Victim means we feel that power has somehow been taken away from us (or you never felt you had it) and we cannot make our own choice.   My feeling like I was weak or foolish because I trusted someone who let me down and hurt me was heading down a victim path and I wasn’t interested in the view in this direction.

Here was my catch – when I refuse to open up, to let myself feel because I don’t want someone to have power over me, I  give my power away!  I slide a whole lot closer to being victim when I let any0ne cause me to surrender my own range of emotions.

Feelings are our strength.  Our heart’s have the big electromagnetic generator in our bodies, NOT our minds.  So when we allow ourselves to feel – we tap into the power we have on hand, or should I say heart.  Most of us have a really hard time trusting that, I know I took a short step or two down the victim path before I got to vulnerability.

Following that insightful author and comic (she doesn’t call herself comic, but I do) Brene, Brown, I went for sharing the feelings with a friend who could hear and see my whole Truth. I chose to show myself, my wounded story and my shame at being hurt and disappointed.

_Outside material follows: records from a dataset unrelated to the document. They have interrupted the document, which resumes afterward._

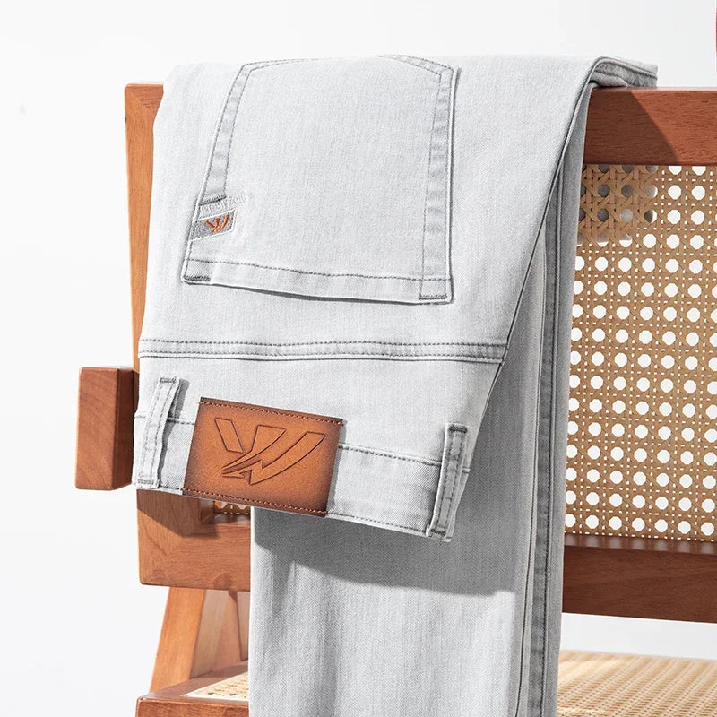 Jean Slim gris clair pour hommes, pantalon en Denim extensible, pour affaires, nouvelle collection 2024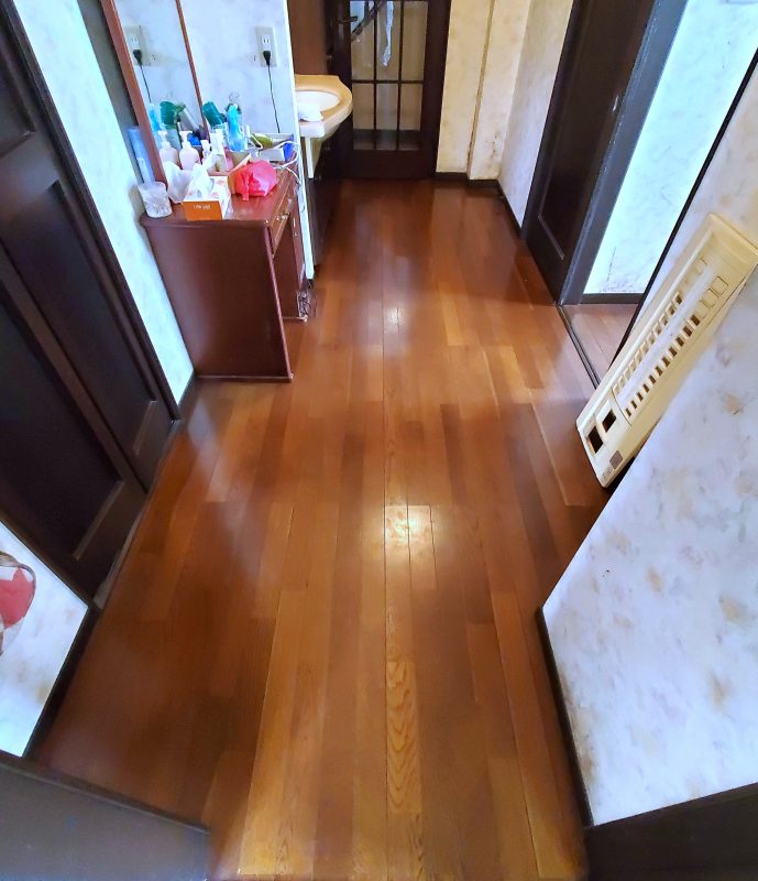 新しい床暖房用のフローリングを張り、キッチン・洗面化粧室も完成です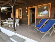 "Bungalow Upolu", bungalow 3 pièces 35 m2. Aménagement fonctionnel: séjour/chambre à coucher avec 1 divan-lit, table pour les repas, TV (satellite) et air-conditionné. 2 chambres, chaque chambre avec: 2 lits. Coin cuisine (4 feux, congélateur). Douche/WC. Pas de chauffage. Terrasse 10 m2, couverte. Meubles de terrasse. A disposition: lit bébé. Internet (Connexion WIFI, en sus). Place de parking (couvert, 1 Voiture). Veuillez noter: maximum 1 animal/ chien autorisé. Entrée privée.- Installations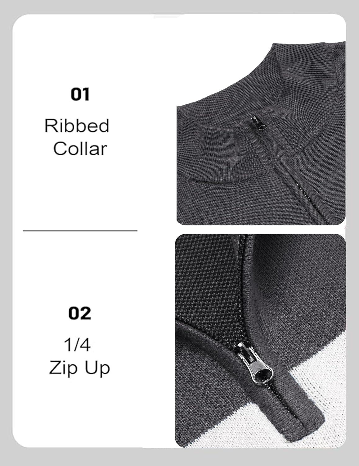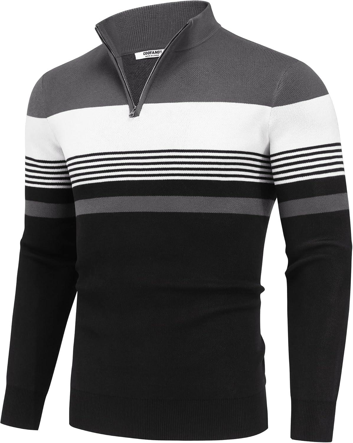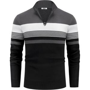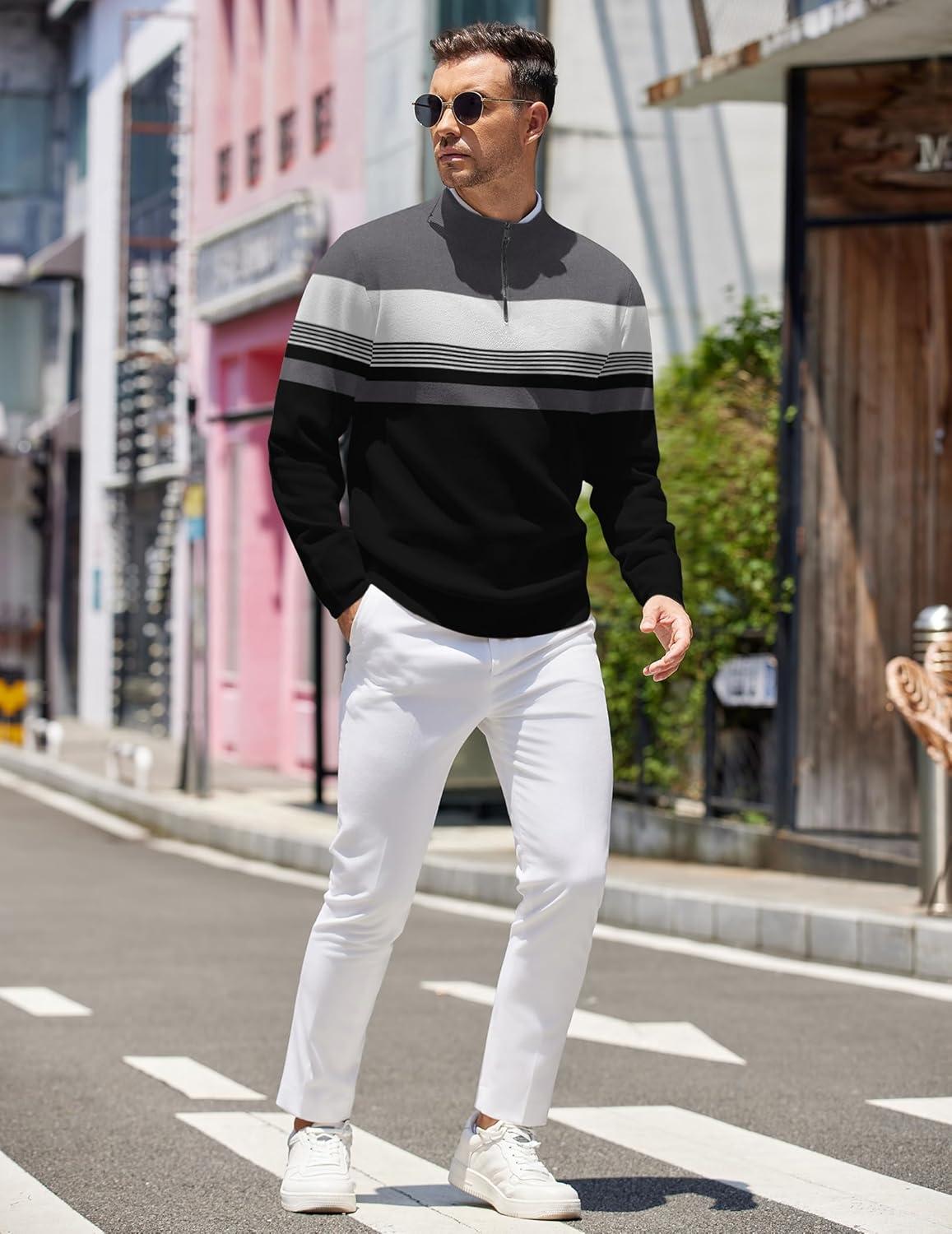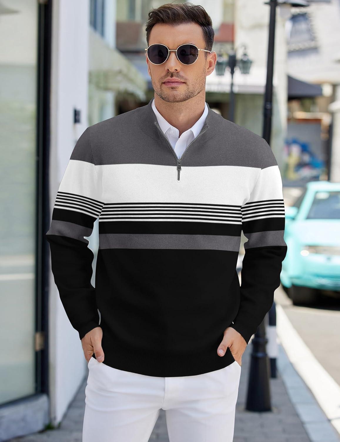 COOFANDY Mens Quarter Zip Pullover Slim Fit Lightweight Knit Pullover Sweaters Casual Polo Sweater(Stripe-grey&black&white)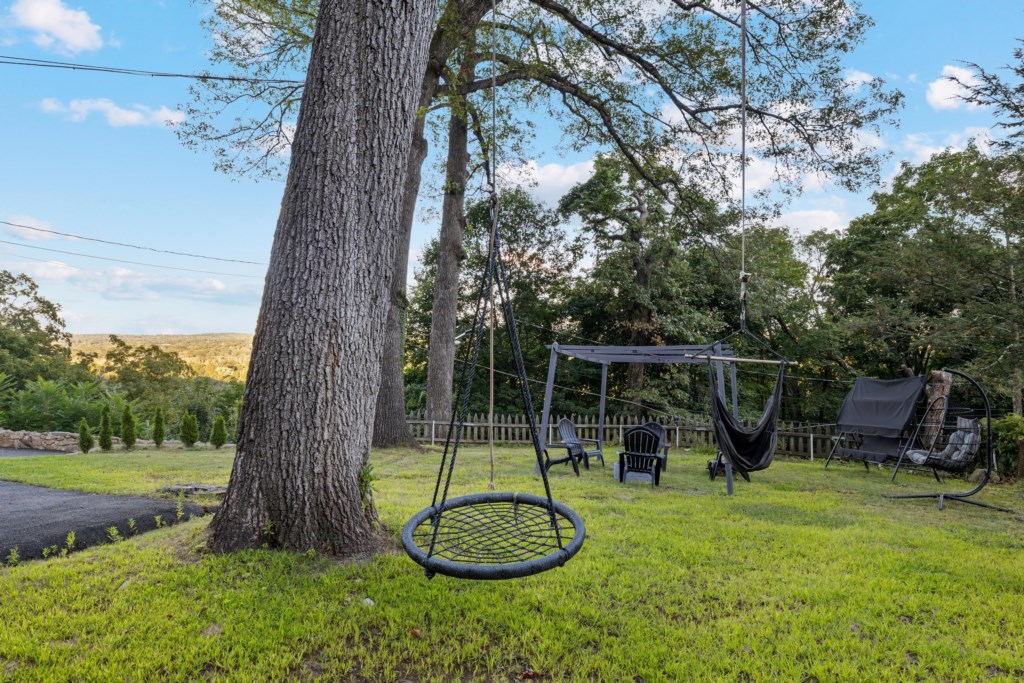 - Two adult-sized swings, including a high-hanging rope swing that gives a thrilling ride

Within a couple hours  I started feeling stronger, clearer and better able to handle what comes next.  It’s incredible how powerful seeing yourself in your entirety, including the whimpering moments and accepting it all as true and okay can be.  Hurting doesn’t make you a victim, shutting the world out, shaming yourself or shutting emotion down does!

I chose to take care of me, including letting myself have a good cry.  That’s vulnerable and the choice was always mine.  I couldn’t be victimized because I allowed my range of emotion, exposed them and trusted again, a better choice of friends this time… which improved my trust in me.  Reminded me I make good choices, too, along with some not so stellar ones.   Vulnerability requires strength, backbone even.  It’s the farthest thing from victim you can get.  But boy does the brain like to dance with fuzzy logic and confuse us when it can.

For those of you who can relate and want some support around this, we have the Love, Relationships and Intimacy sessions at the end of the month with two different options.  Find out what your Love Style is, specific to you as your hands reveal and how to deal with conflict resolution according to YOUR STYLE.  Saturday June 28th from 1-4pm a small group of people meet in my house to get to the Truth about their relationship patterns and how to work with them.

For example, Earth Hearts require alone time before they can confront an emotional problem and then you have to move slowly through the issue in a particular way.  If you also have an Earth head, it goes doubly that you are a Turtle when it comes to conflict!

Participants in either phone or in-person class walk away with a guide so you know how to work your particular combination of heart and head when it comes to relationships.  What’s it worth to rework conflict in your life with a solution tailor made for you?  There are only a few seats left for my in-person workshop in West Hollywood CA Saturday June 28th from 1-4pm.  I can only accommodate a small group of people so…  Grab yours HERE.  Address and details sent upon registration.

Or if you want to phone in  for support, we have two nights June 30th and July 1st from 6:30-7:45pm to dig deeper into your Love Style as shown by your hand and what your strategy is for reducing conflict and kicking in more chemistry of the right kind!  You send in pictures of your hands before class to get the formula for you.   Dialing Down the conflicts – Get That HERE.

Wherever you are dealing with conflict  (Mars having just squared Pluto, hello Iraq) know this, you are stronger when you allow yourself to feel.  Then you can decide how best to apply them – You are worth your time! It’s a powerful Truth that can set you free.  I know you know it, I’m really here to remind you what it looks like in action.